LabelMe

Last updated March 27, 2021

LabelMe is a project created by the MIT Computer Science and Artificial Intelligence Laboratory (CSAIL) which provides a dataset of digital images with annotations. The dataset is dynamic, free to use, and open to public contribution. The most applicable use of LabelMe is in computer vision research. As of October 31, 2010, LabelMe has 187,240 images, 62,197 annotated images, and 658,992 labeled objects.

Motivation

The motivation behind creating LabelMe comes from the history of publicly available data for computer vision researchers. Most available data was tailored to a specific research group's problems and caused new researchers to have to collect additional data to solve their own problems. LabelMe was created to solve several common shortcomings of available data. The following is a list of qualities that distinguish LabelMe from previous work.

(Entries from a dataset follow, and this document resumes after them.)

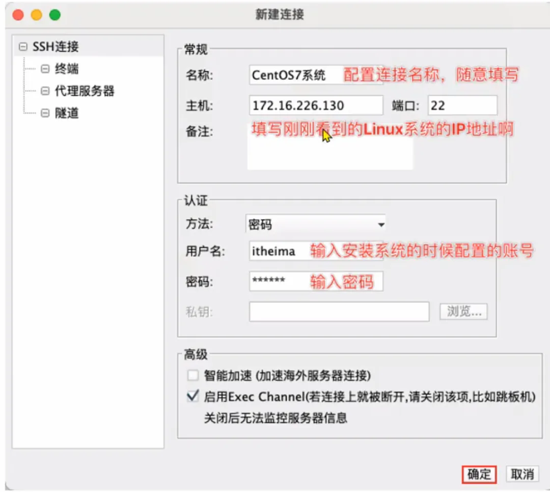 3.掌握使用FinalShell软件连接Linux操作系统不论是Windows还是Linux亦或是MacOS系统,都是支持这两种使用形式。- 图形化:使用操作系统提供的图形化页面,以获得图形化反馈的形式去使用操作系统。
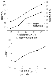 Effect of CS concentration on pickup and weight gain rate (a), LOI value (b) of polyester/cotton blended fabric"
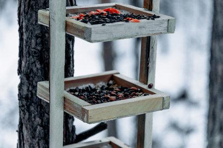 Beautiful feeder for birds on blurred background of winter snowy forest. Taking care of birds in cold winter season. Selective focus.
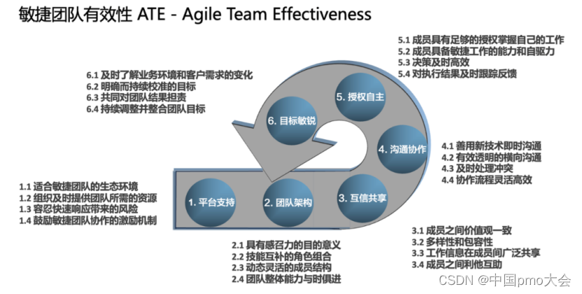 基于我们的研究,以及在多家企业的咨询实践的打磨,我们将敏捷团队有效性(ATE, Agile Team Effectiveness)归纳为以下六个大的方面:
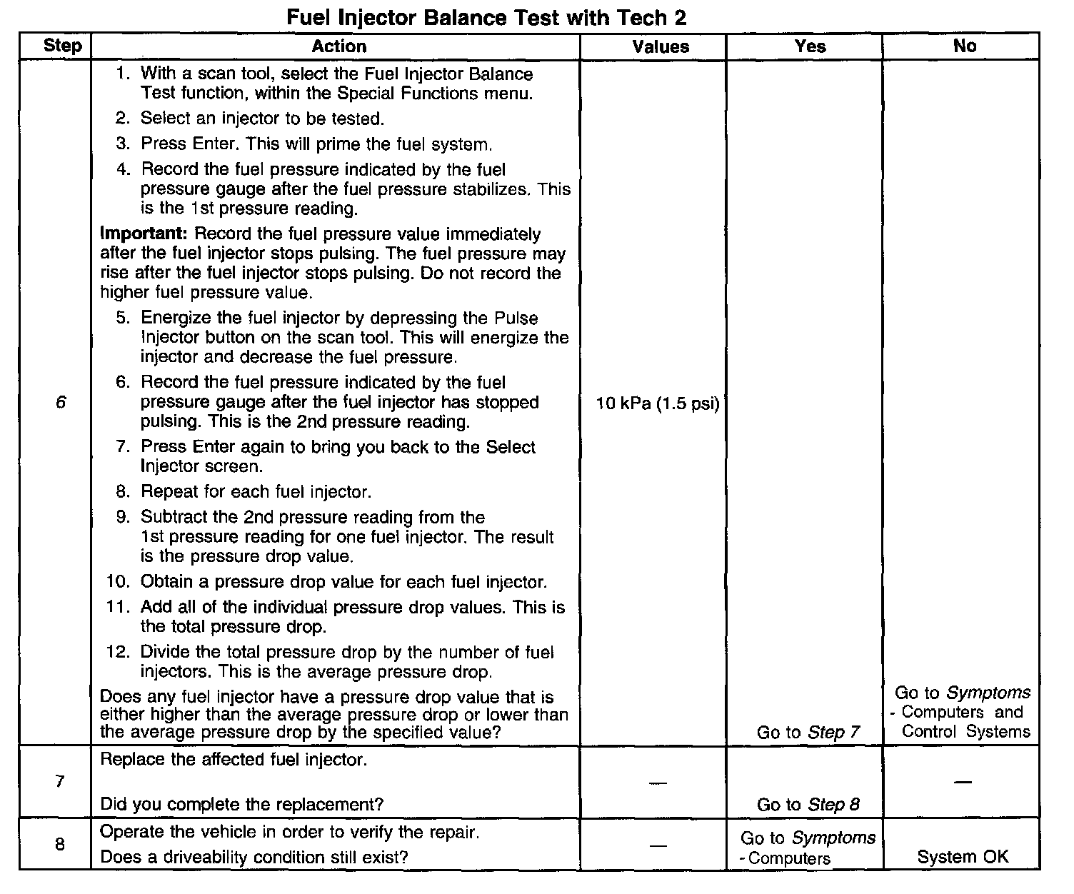 6. If the pressure drop value for each fuel injector is within 10 kPa (1.5psi) of the average pressure drop value the fuel injectors are flowing properly. Calculate the pressure drop value for each fuel injector by subtracting the second pressure reading from the first pressure reading.
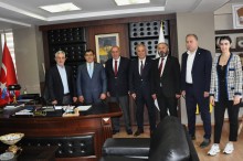 Meclis Başkanımız Nevzat Özer, Yönetim Kurulu Başkanımız Eyyüp Ergan, Meclis Başkan Yardımcımız Yılmaz Karadeniz, Meclis Üyeleri Yavuz Selim Çakıroğlu, Enver İskenderoğlu ve Oğuz Tuna Berber ile Genel Sekreterimiz Nazlı Genç Beşikdüzü Belediye Başkanı Burhan Cahit Erdem ve Vakfıkebir Belediye Başkanı Fuat Koçal’ı makamında ziyaret ederek, hayırlı olsun dileklerini ilettiler, çeşitli konularda görüş alışverişinde bulundular.

Designed for recognition of a class of objects instead of single instances of an object. For example, a traditional dataset may have contained images of dogs, each of the same size and orientation. In contrast, LabelMe contains images of dogs in multiple angles, sizes, and orientations.
Designed for recognizing objects embedded in arbitrary scenes instead of images that are cropped, normalized, and/or resized to display a single object.
Complex annotation: Instead of labeling an entire image (which also limits each image to containing a single object), LabelMe allows annotation of multiple objects within an image by specifying a polygon bounding box that contains the object.
Contains a large number of object classes and allows the creation of new classes easily.
Diverse images: LabelMe contains images from many different scenes.
Provides non-copyrighted images and allows public additions to the annotations. This creates a free environment.

Annotation Tool

The LabelMe annotation tool provides a means for users to contribute to the project. The tool can be accessed anonymously or by logging into a free account. To access the tool, users must have a compatible web browser with JavaScript support. When the tool is loaded, it chooses a random image from the LabelMe dataset and displays it on the screen. If the image already has object labels associated with it, they will be overlaid on top of the image in polygon format. Each distinct object label is displayed in a different color.

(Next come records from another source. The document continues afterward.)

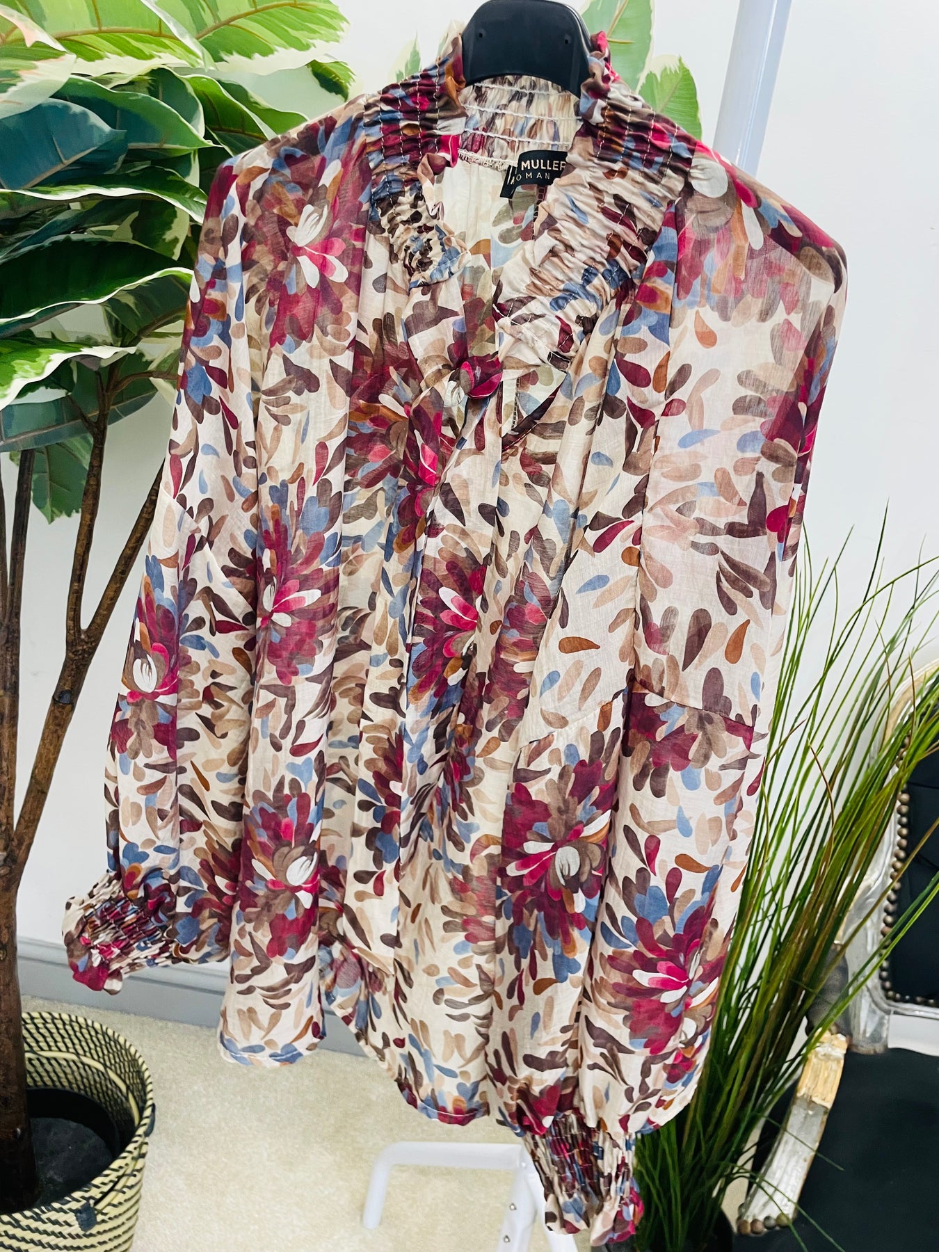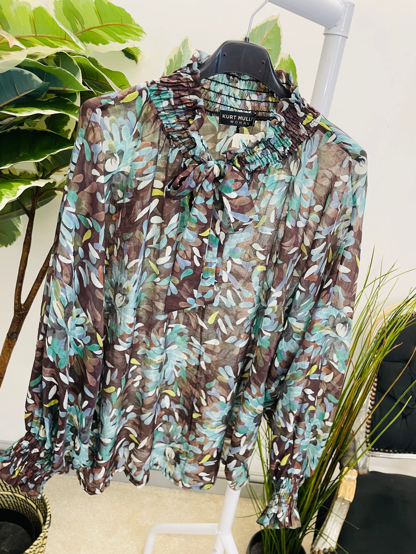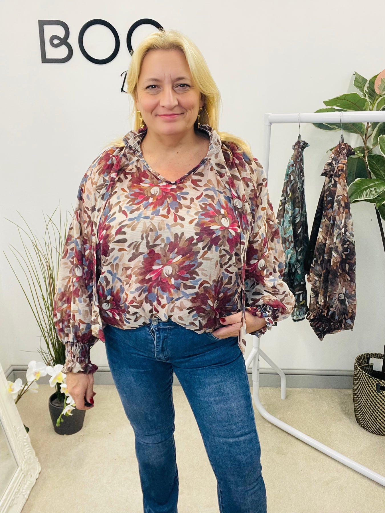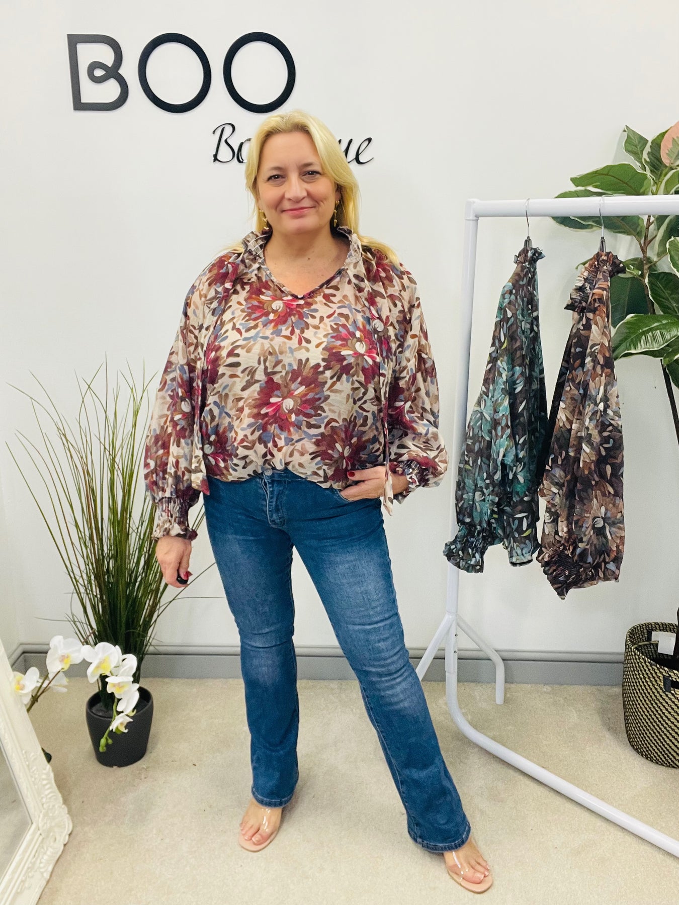 LADIES LEAF PRINT HIGH NECK BLOUSE - BEIGE, BROWN, TEAL
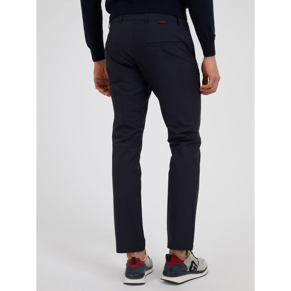 A pair of tech-stretch nylon trouser pants that are stylish and comfortable.
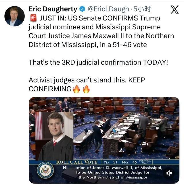 最新消息:美国参议院以51票赞成、46票反对的投票结果,确认特朗普提名的密西西比州最高法院法官詹姆斯·麦克斯韦二世出任密西西比州北区联邦地区法院法官。这是当天进行的第三次司法确认! 特朗普在2025年8月12日提名麦克斯韦二世去填补密西西比北区联邦地区法院的空位,那位置是退休法官迈克尔·P·米尔斯留下的。提名一出,白宫就提交给参议院,司法委员会9月开了听证会。委员会里共和党占多数,他们问了麦克斯韦二世的司法观点,他重申自己是文本主义者。民主党那边则质疑他过去的裁决,尤其是对LGBTQ权利和刑罚方面的立场,说可能影响联邦法院的平衡。 听证结束后,委员会以12比10的党派投票把提名推到全院。本来进展顺利,但北卡罗来纳州的共和党参议员汤姆·蒂利斯卡住了事儿,他要求在国防授权法案里加一条关于卢姆比部落的认可条款,导致提名拖了近两个月。11月20日,蒂利斯终于松口,提名继续往前走。12月9日,参议院全院投票,共和党控制多数席位,但民主党集体反对。投票结果是51赞成、46反对,基本按党派分线,只有少数共和党人投了反对票。 密西西比的共和党参议员辛迪·海德-史密斯发了声明,说麦克斯韦二世是牛津本地人,经验丰富,能胜任联邦法官。这次确认是当天第三次,当天早些时候,特朗普提名的另一个密西西比州最高法院法官罗伯特·钱伯林也以相同票数通过,还有路易斯安那州的威廉·克雷恩也被确认。共和党急着在大选后推动这些提名,目的是巩固联邦法院的保守势力。
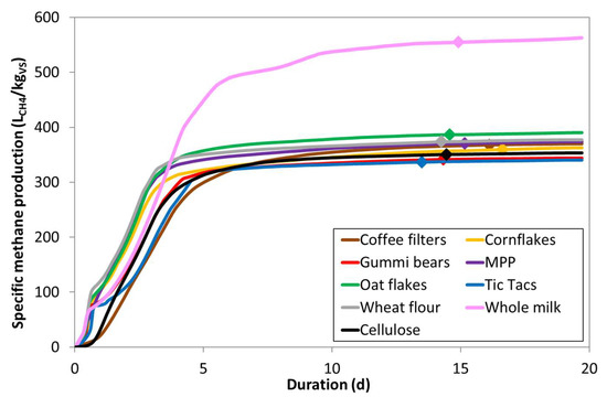 BMP tests were conducted using the Automatic Methane Potential Test System II (AMPTS II; Bioprocess Control, Sweden) following the guideline of Holliger et al. [3,32]. Due to limited capacity, and in order to avoid any bias by the inoculum used in each experiment, the substrates were tested in single assays in three independent trials. Blanks (inoculum-only bottles), as well as CEL, were carried out in triplicate in each trial. The ISR was 2 on a VS basis [3,4] resulting in a fresh matter mass of 30 g for whole milk and about 4 g for the other substrates. Operating volume was 450 mL and a mixing mode of 5 min mixing and 25 min rest was used. All tests were carried out under mesophilic conditions (38 ± 1 °C) at least until net daily methane production was less than 1% of the cumulative net gas production for three consecutive days [3], which is indicated by diamonds in the following graphs. Prior to incubation, all bottles were flushed with a mixture of N2 and CO2 (65% N2, 35% CO2) at a flow rate of 2.5 L per minute for 30 s to ensure a more than 5-times statistical exchange of the entire headspace of about 200 mL [33]. The AMPTS II system reports standardized (dry, 0 °C, 1 atm) cumulative methane volume from each bottle, which can be used to calculate both specific methane production (SMP) curve and final BMP. BMP was calculated following the standard approach [34] and double-checked by the Online Biogas App (OBA) [26].

If the image is not completely labeled, the user can use the mouse to draw a polygon containing an object in the image. For example, in the adjacent image, if a person was standing in front of the building, the user could click on a point on the border of the person, and continue clicking along the outside edge until returning to the starting point. Once the polygon is closed, a bubble pops up on the screen which allows the user to enter a label for the object. The user can choose whatever label the user thinks best describes the object. If the user disagrees with the previous labeling of the image, the user can click on the outline polygon of an object and either delete the polygon completely or edit the text label to give it a new name.

As soon as changes are made to the image by the user, they are saved and openly available for anyone to download from the LabelMe dataset. In this way, the data is always changing due to contributions by the community of users who use the tool. Once the user is finished with an image, the Show me another image link can be clicked and another random image will be selected to display to the user.

Problems with the data

The LabelMe dataset has some problems. Some are inherent in the data, such as the objects in the images not being uniformly distributed with respect to size and image location. This is due to the images being primarily taken by humans who tend to focus the camera on interesting objects in a scene. However, cropping and rescaling the images randomly can simulate a uniform distribution.^[1] Other problems are caused by the amount of freedom given to the users of the annotation tool. Some problems that arise are:

The user can choose which objects in the scene to outline. Should an occluded person be labeled? Should an occluded part of an object be included when outlining the object? Should the sky be labeled?
The user has to describe the shape of the object themselves by outlining a polygon. Should the fingers of a hand on a person be outlined with detail? How much precision must be used when outlining objects?
The user chooses what text to enter as the label for the object. Should the label be person, man, or pedestrian?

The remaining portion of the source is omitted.